And perhaps we can forgive the reiver, since he dealt a blow to Bothwell that those of us who love Mary have longed to strike through the long centuries. Bothwell took Elliott in custody, Elliott not suspecting that a Scot could prove treacherous like a Southron, and was carrying him to the Hermitage. Jock asked pleasantly what would be his fate at the assize.
HERMITAGE CASTLE.
"Gif ane assyises wald mak him clene, he was hertlie contentit, but he behuvit to pas to the Quenis grace."
This was little promise to little Jock Elliott. He fled. Bothwell chased. Bothwell fired, wounded Jock, overtook him, and Jock managed to give Bothwell three vicious thrusts of his skene dhu—"Wha daur meddle wi' me!"—before Bothwell's whinger drove death into little Jock Elliott.
Bothwell, wounded, perhaps to death, so word went up to Edinburgh, was carried to the Hermitage.
Buchanan, the scandalous chronicler of the time—there were such in Scotland, then, and always for Mary—set down that "when news thereof was brought to Borthwick to the Queen, she flingeth away in haste like a madwoman by great journeys in post, in the sharp time of winter, first to Melrose, and then to Jedworth."
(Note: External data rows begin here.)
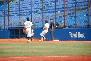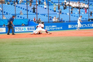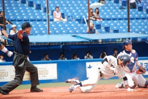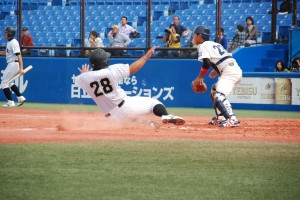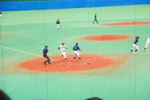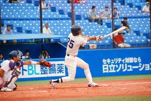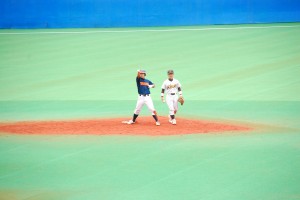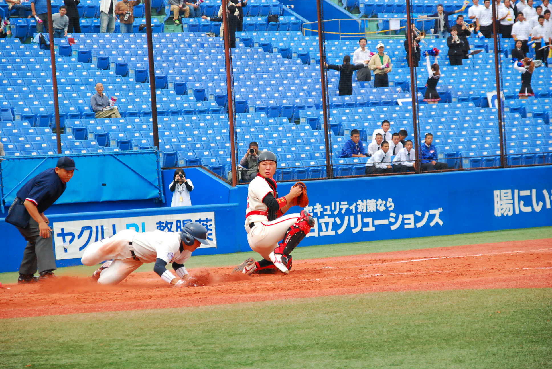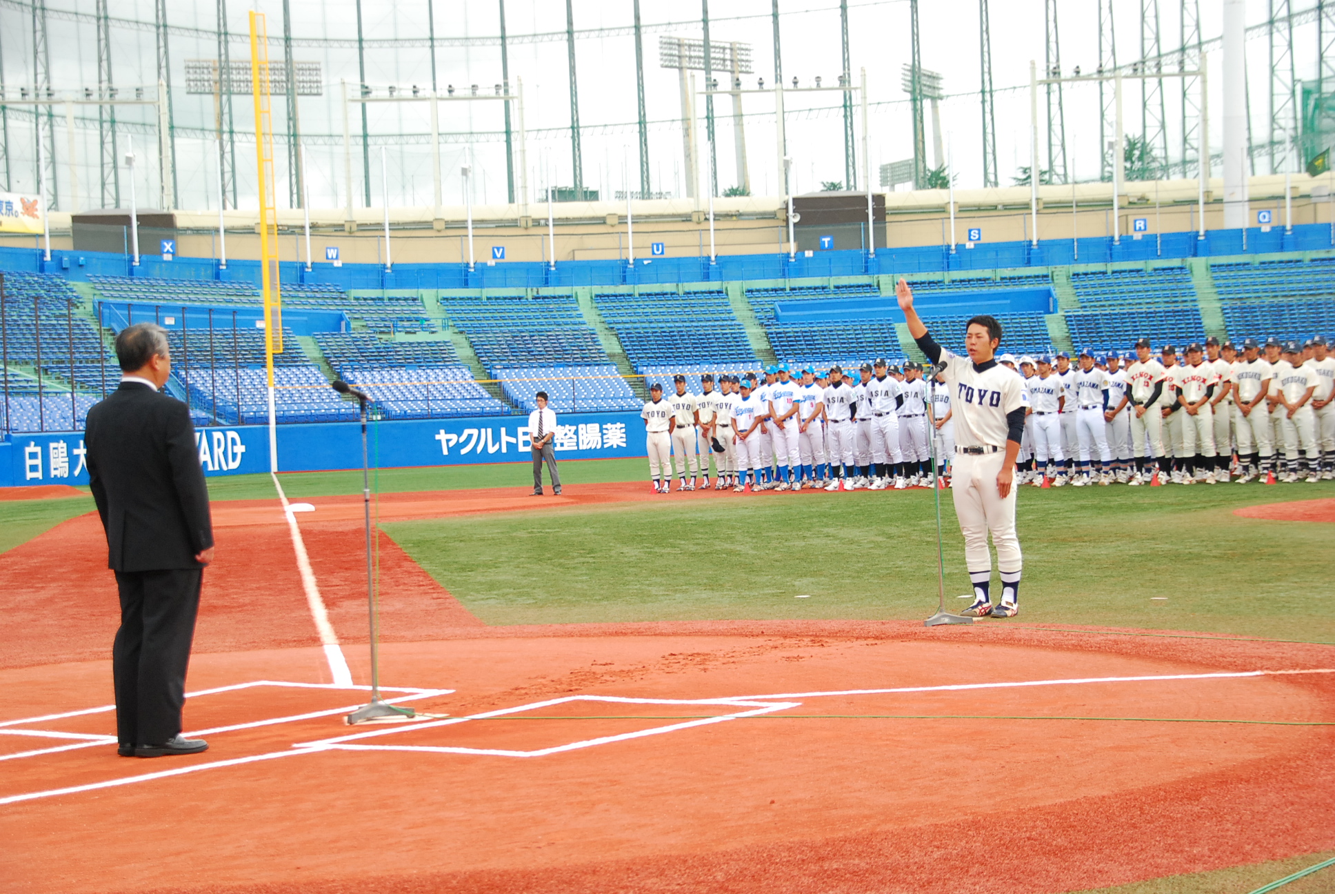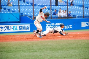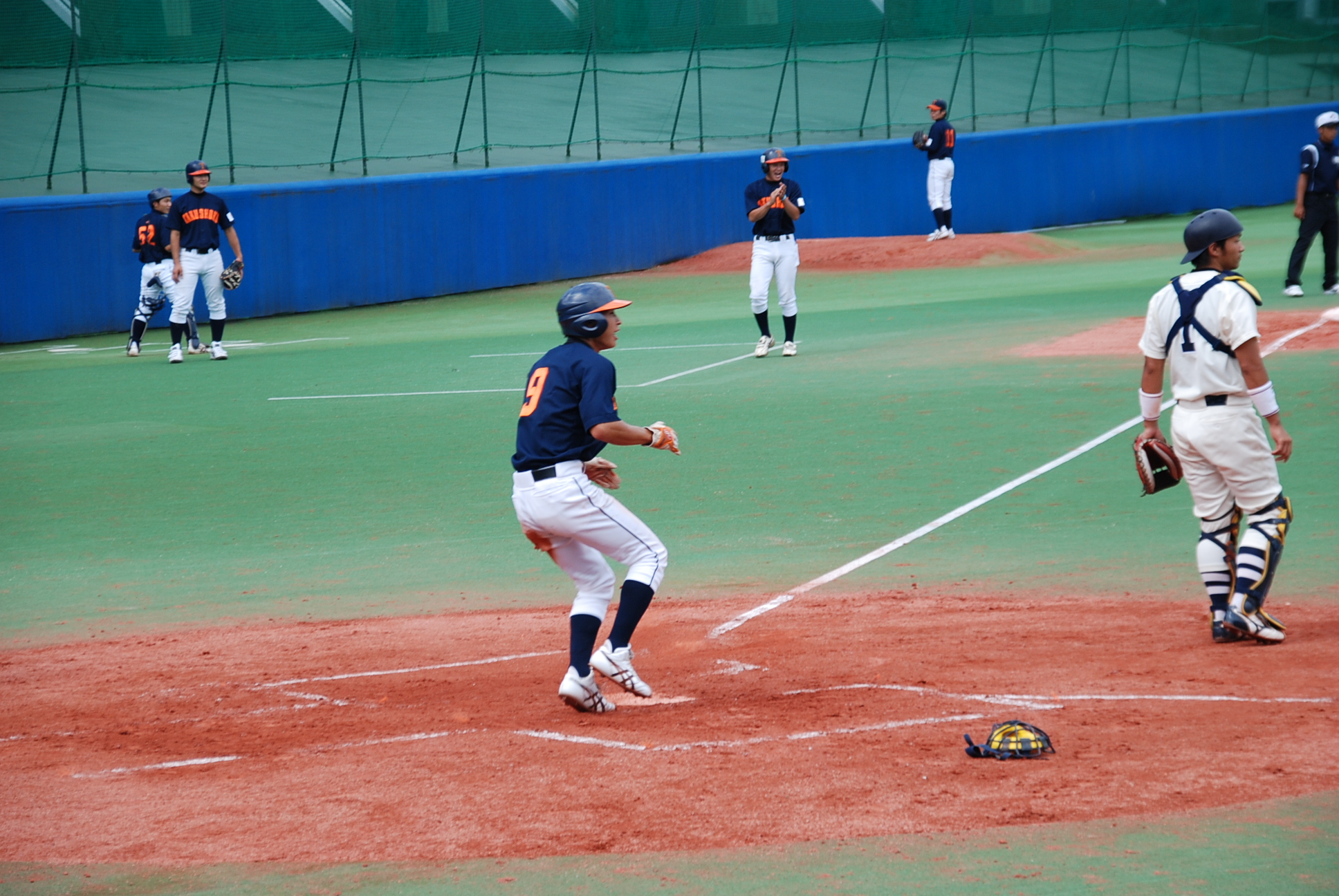 試合は序盤から動きます。先攻の東洋大学は1アウトから2番・上原選手がライト前ヒットで出塁すると、主将で3番の鈴木選手は四球を選び、ランナー1・2塁の先制のチャンスを掴みます。続く4番・戸田選手は日本大学・吉田投手の変化球の前に三振を喫すも、5番・緒方選手がライトオーバーの2塁打。2塁より上原選手が還り1点を先制。1塁ランナーの鈴木選手も果敢にホームを突きますが、日本大学ライト・平選手の好返球により本塁タッチアウト。日本大学は最小失点で切り抜けます。
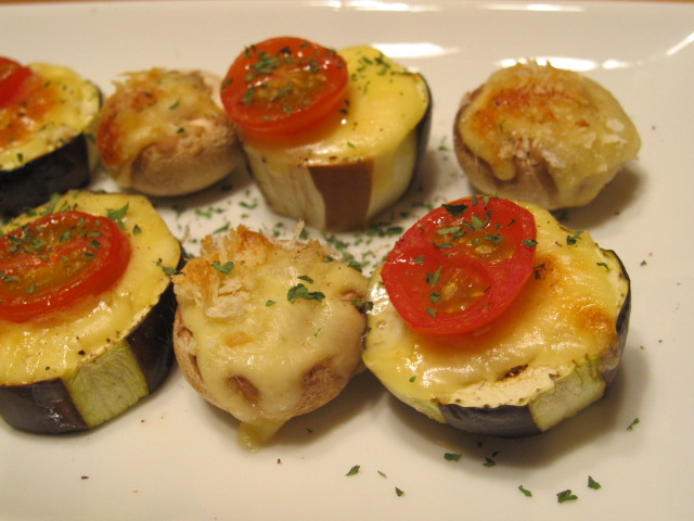 マッシュルームにはチーズとパン粉をのせて。
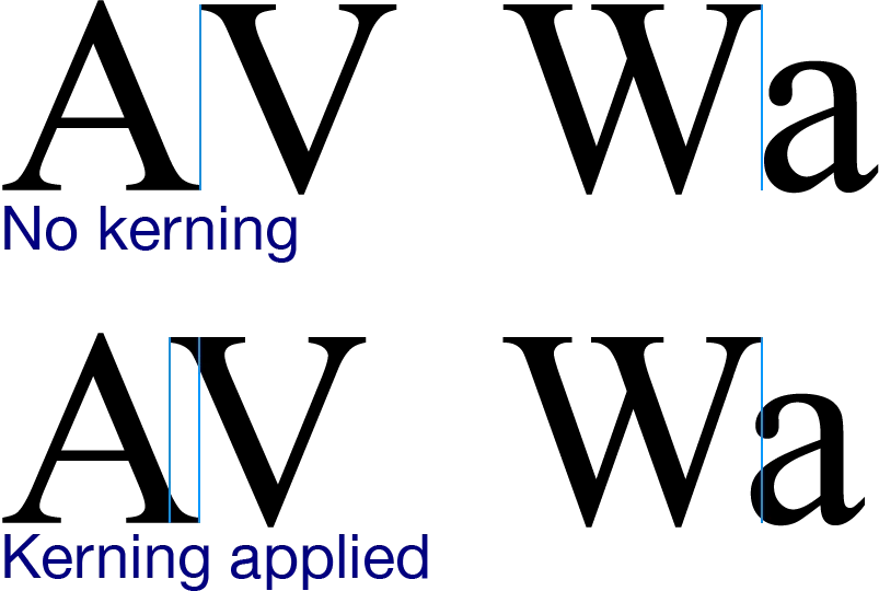 로마자의 경우 글꼴에 따라 특정 알파벳들 사이의 간격이 불규칙해 보이는 정도가 더욱 심하며 커닝을 적용하지 않은 경우 타자기로 친 것처럼 허술해보이는 서체도 많다.
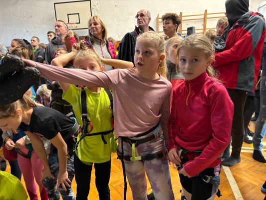 Letos jsme na závodech spolupracovali se sportcentrem Forea, kde se lezly závodní bouldery. Díky blízkosti obou stěn se tím ještě zvedla úroveň závodů a odlehčilo se tělocvičně na ZŠ A. Jiráska. O bouldery se postaral Petr Jirsa a jeho stavěčský tým složený ze sportovních lezců.
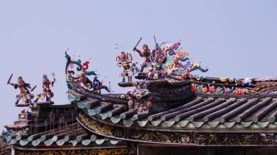 是采用各种釉彩光泽的陶瓷片,经剪取、敲制、镶嵌、黏土粘接、堆砌而成人物、花、鸟、虫、禽、兽、博古、山水等形态,为庙宇、祠堂、照壁和其他一些房屋的一种传统经典建筑装饰工艺,俗称贴饶或扣饶,具有色彩浓艳,质感坚实,久经风雨、烈日曝晒而永不褪色的特点。金平地域内各处天后宫、关公庙和其他宗祠、善堂、庙宇等建筑物大都存此装饰。
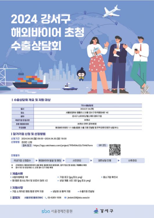 참여를 희망하는 기업은 구 누리집에 있는 안내문의 QR코드를 통해 온라인으로 신청하면 된다. 진교훈 구청장은 “수출상담회는 수출 실적 증진을 통한 기업의 성장뿐만 아니라 지역경제 활성화에 큰 도움이 될 것”이라며 “해외 진출을 희망하는 우수한 중소기업들의 많은 관심과 참여 부탁드린다”라고 말했다.
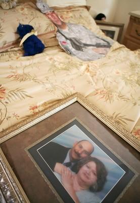 As she stood in her new living room, Patt Sprague hugged her husband’s cutout, which now has rips in the shoulder area, and shook her head.
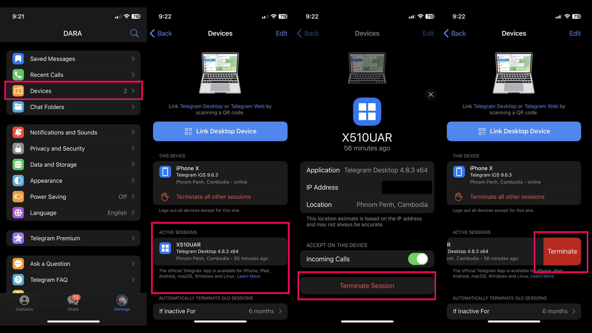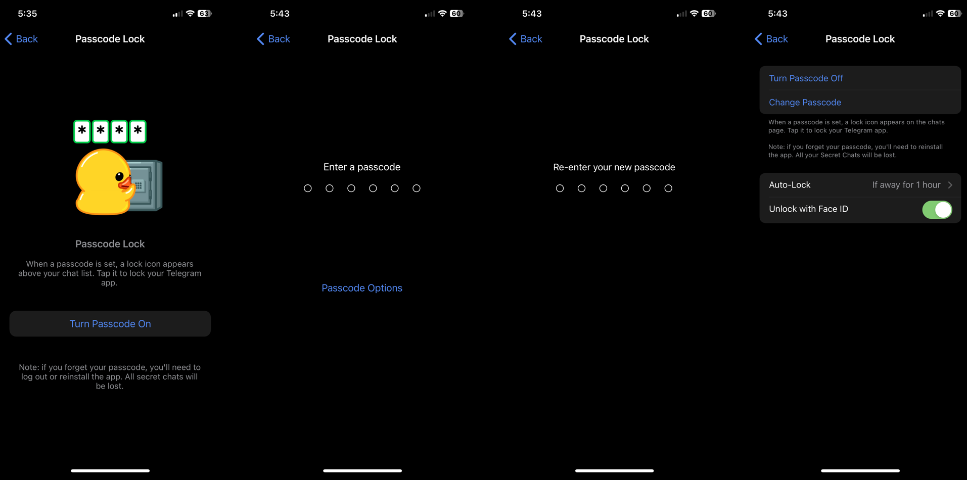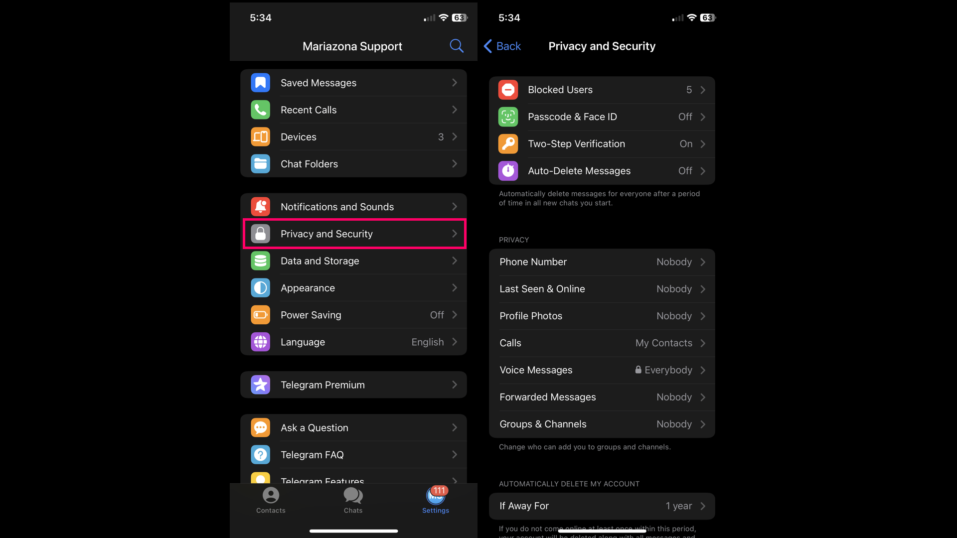 Blocked Usersគឺជាបញ្ជីនៃគណនីដែលអ្នកបានធ្វើការបង្ខាំង ឬ Block អ្នកប្រើប្រាស់ទាំងនោះ។Passcode & FaceID (IOS)/Fingerprint (Android)គឺជាមុខងារលេខកូដសម្ងាត់បន្ថែមទៅលើ Local Device របស់អ្នកមួយជាន់បន្ថែមទៀតរាល់ពេលអ្នកចេញចូលកម្មវិធី ដើម្បីការពារគណនីអ្នកពីការលួចប្រើបន្ទាប់ពីដោះសោរទូរស័ព្ទរួច។ ដូច្នេះនៅពេលដែលអ្នកបាត់ទូរស័ព្ទ ឬត្រូវគេដោះសោរទូរស័ព្ទបាន គេមិនអាចបើកតេឡេក្រាមអ្នកបានឡើយ ដរាបណាអ្នកបានបើកមុខងារមួយនេះ។ ការកំណត់គឺសាមញ្ញបំផុត គ្រាន់តែចូលវាយលេខកូដដែលអ្នកចង់ដាក់ ហើយភ្ជាប់ជាមួយនឹង FaceID ឬ Fingerprint (បើមាន) ជាការស្រេច។
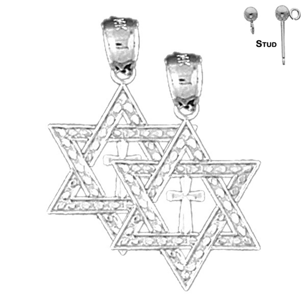 Wir präsentieren Ihnen unsere exquisiten 24 mm großen Davidstern-Ohrringe aus Sterlingsilber, die wahlweise mit Weiß- oder Gelbgoldbeschichtung erhältlich sind. Diese atemberaubenden Ohrringe sind ein wahres Symbol für Glauben und Stil und perfekt, um jedem Outfit einen Hauch von Eleganz zu verleihen.
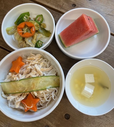 ❖七夕そうめん冷やし中華風 ❖おくらのおかか和え ❖とうもろこしのスープ ❖すいか
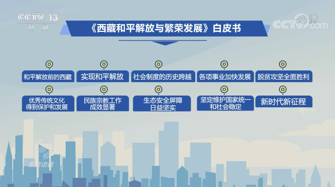 今天(21日)發(fā)布的《西藏和平解放與繁榮發(fā)展》白皮書共分為十章,分別從和平解放前的西藏、實現(xiàn)和平解放、社會制度的歷史跨越、各項事業(yè)加快發(fā)展、脫貧攻堅全面勝利、優(yōu)秀傳統(tǒng)文化得到保護和發(fā)展、民族宗教工作成效顯著、生態(tài)安全屏障日益堅實、堅定維護國家統(tǒng)一和社會穩(wěn)定、新時代新征程10個方面進行闡述,回顧歷史進程、展示偉大成就,全面立體真實展現(xiàn)社會主義新西藏。
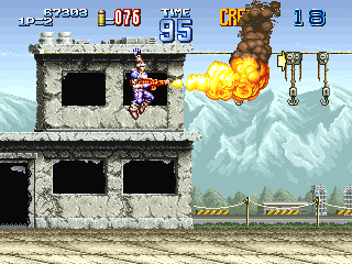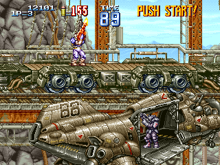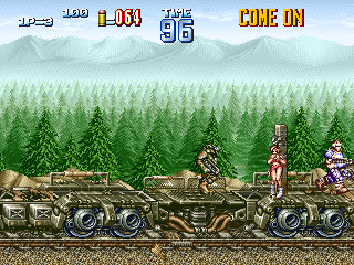 Gunforce 2 sur Arcade est un run and gun, vous savez ce genre de jeu où on avance et on détruit tout ce qui bouge. Pour ceux qui l’ignorent, sachez que Gunforce est réalisé par les créateurs de Metal Slug. La ressemblance se fait vite sentir, même si le personnage est plutôt d’un style réaliste sans les grosses têtes des Metal Slug. Le premier niveau se déroule sur un train et au bout de quelques secondes de jeu on délivre une jeune femme attachée à un poteau. Les amateurs de Metal Slug feront tout de suite le rapprochement avec les otages de la série. Puis viennent les premiers ennemis, les premiers cris, le premier boss et là on voit bien que les graphismes et les bruitages ressemblent beaucoup à Metal Slug. Le principe du jeu est toujours le même, on progresse avec ce super guerrier qui porte une mitraillette
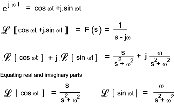 From above the transform for cos ωt and sin ωt is obtained by setting a = jω
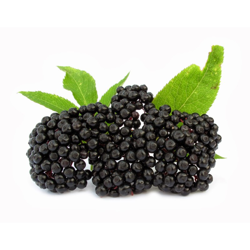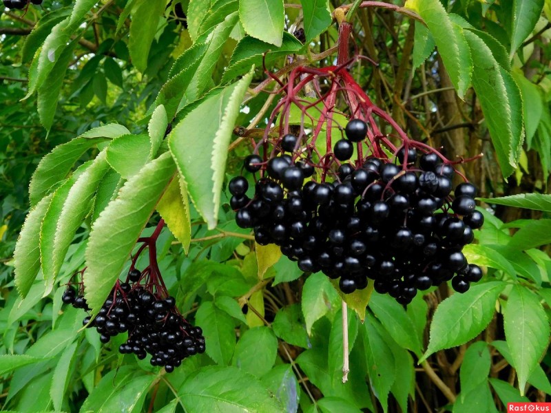 Плоды содержат сахара (глюкозу, фруктозу), органические кислоты, эфирное масло (в его составе метилвинилкетон, дамасценон, метиловые и этиловые эфиры миристиновой, олеиновой и др. кислот), гликозиды (самбуцин, хризантемин), антоцианы, флавоноиды (рутин).
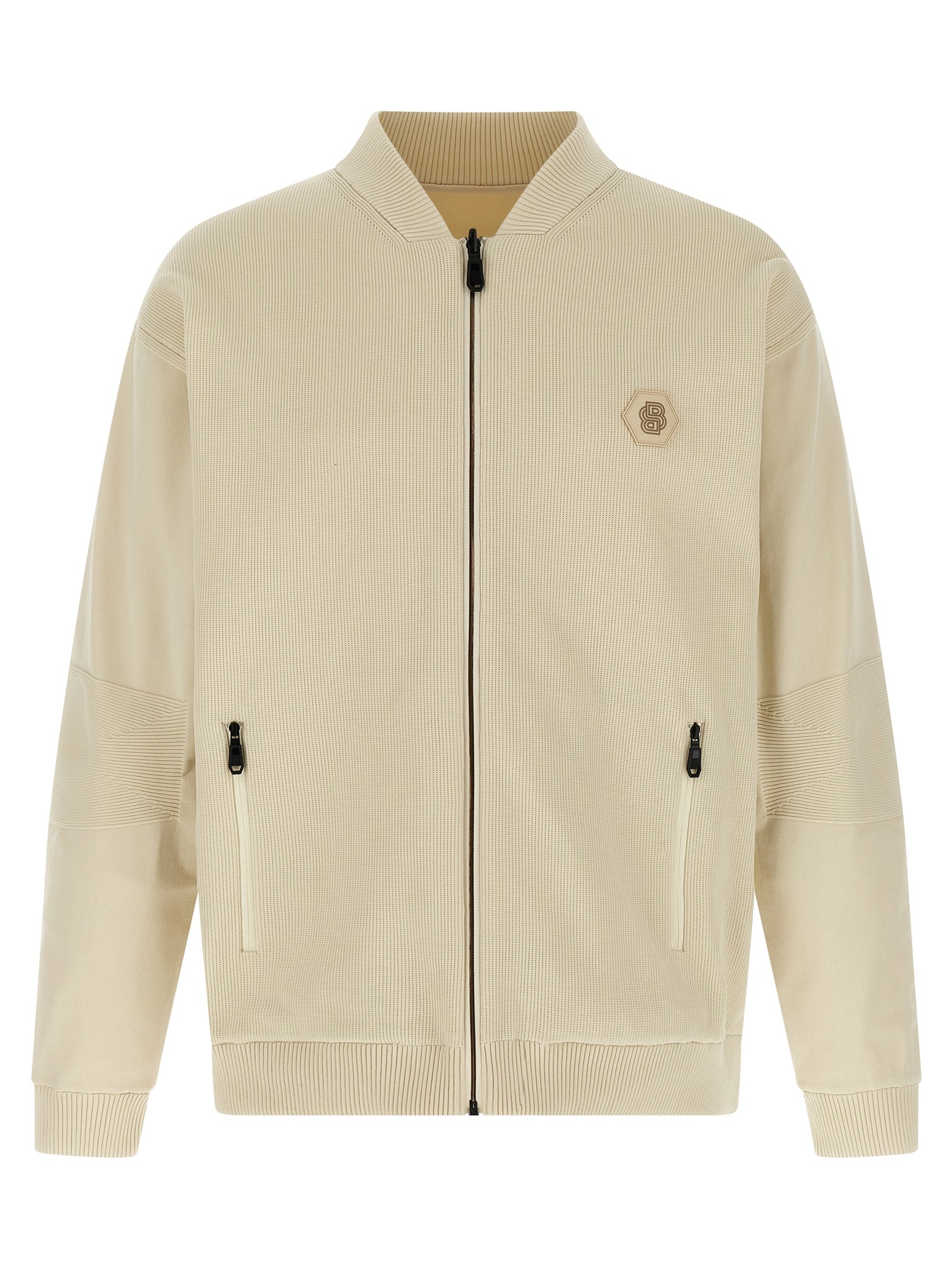 'future' reversible bomber jacket in technical fabric with honeycomb and nylon front, Tone-on-tone ribbed stretch knit details, Silicone logo patch and front zip closure, Pockets, Long cuffed sleeves, And headband. Size and Fit - true to size fit

It happened to be the crisp, lovely, truly Scottish time, October, and Mary opened court at Jedburgh October 9, presiding at the meetings of the Privy Council, and then rode to the Hermitage October 16. She rode with an escort which included the Earl of Moray, the Earl of Huntley, Mr. Secretary Lethington, and more men of less note. For six days the girl queen (Mary was only twenty-four in this year of the birth of James, year before the death of Darnley, the marriage with Bothwell, the imprisonment at Loch Leven) had been mewed to state affairs, and a ride through the brown October woods, thirty miles there and thirty miles back again, must have lured the queen who was always keen for adventure, whether Bothwell was the goal, or just adventure.
The mist of the morning turned to thick rain by night, and the return ride was made in increasing wet and darkness. Once, riding ahead and alone and rapidly, the Queen strayed from the trail, was bogged in a mire, known to-day as the Queen's Mire, and rescued with difficulty.
Next day Mary lay sick at Jedburgh, a sickness of thirty days, nigh unto death. News was sent to Edinburgh, and bells were rung, and prayers offered in St. Giles. On the ninth day she lay unconscious, in this little town of Jedburgh, apparently dead, twenty years before Fotheringay. "Would God I had died at Jedburgh."